Figure 1 : Raytheon Predictive Maintenance Architecture

Predictive Maintenance is as much a traditional engineering problem as a data science problem. First and foremost, the diagnostic data gathered is generally time series data from electronic and mechanical control systems. This means that physics of failure and theory of design are available as a starting point for understanding (or predicting) failures in simpler parts of the system. These are also the criteria for deciding, at design time, which diagnostic data will be recorded. Changing the data gathered or adding data taps after manufacture can be extremely expensive, and is typically avoided at all costs. In general, diagnostics based on Control System theory engender more trust, since they are based on theory that can be trusted beyond the regions of test data. Eventually, however, there remain unexpected system responses which lend themselves better to machine learning.

Once the interaction of system components becomes complex enough to warrant machine learning applications, those methods that allow visibility into the decision making process are preferable — taking advantage of available experience from system designers and RAM (Reliability, Availability and Maintainability) forensic analysts. In cases where the systems are fielded far from the data analysts, communication bandwidth and data sovereignty become important considerations, often imposing constraints on the ability to diagnose and/or characterize system performance.

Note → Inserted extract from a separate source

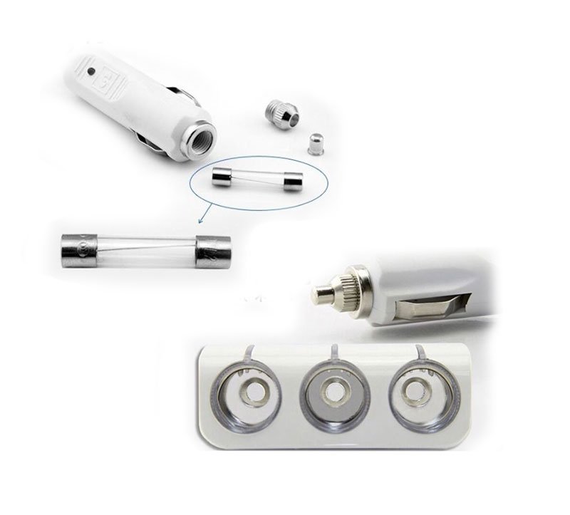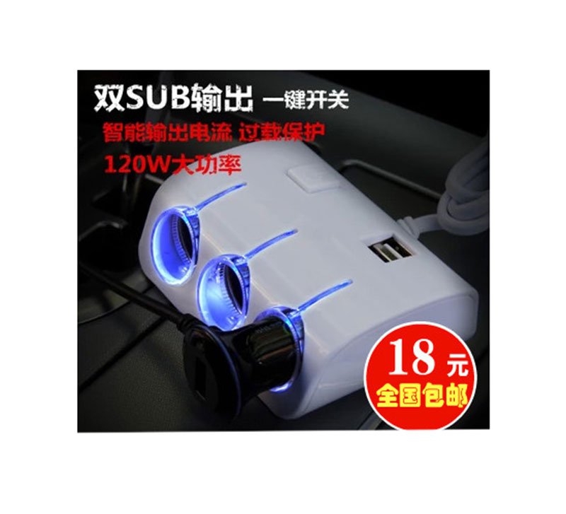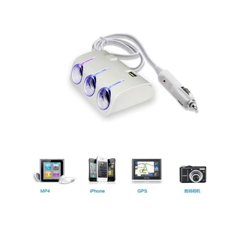 Triple car lighter joint and two USB charging outputs

For example, if only a fraction of the sensor and failure data can be transmitted, there must be rules on the system at the front end to compress, thin and/or summarize the data. This can include anomaly detection, designer-based rules, and information theoretic methods. As much as possible, the system should be tested against full data and method availability to determine how much information is lost in the summarization process, and how much performance is lost, if any, by restricting the final solution to explainable methods. Finally, at each part of the architecture, the data analytics should have some way to update both training and decisions in real time, to avoid being overwhelmed by the sheer volume of new data coming in. This combined set of restrictions severely constrains the final predictive analytics solution space. 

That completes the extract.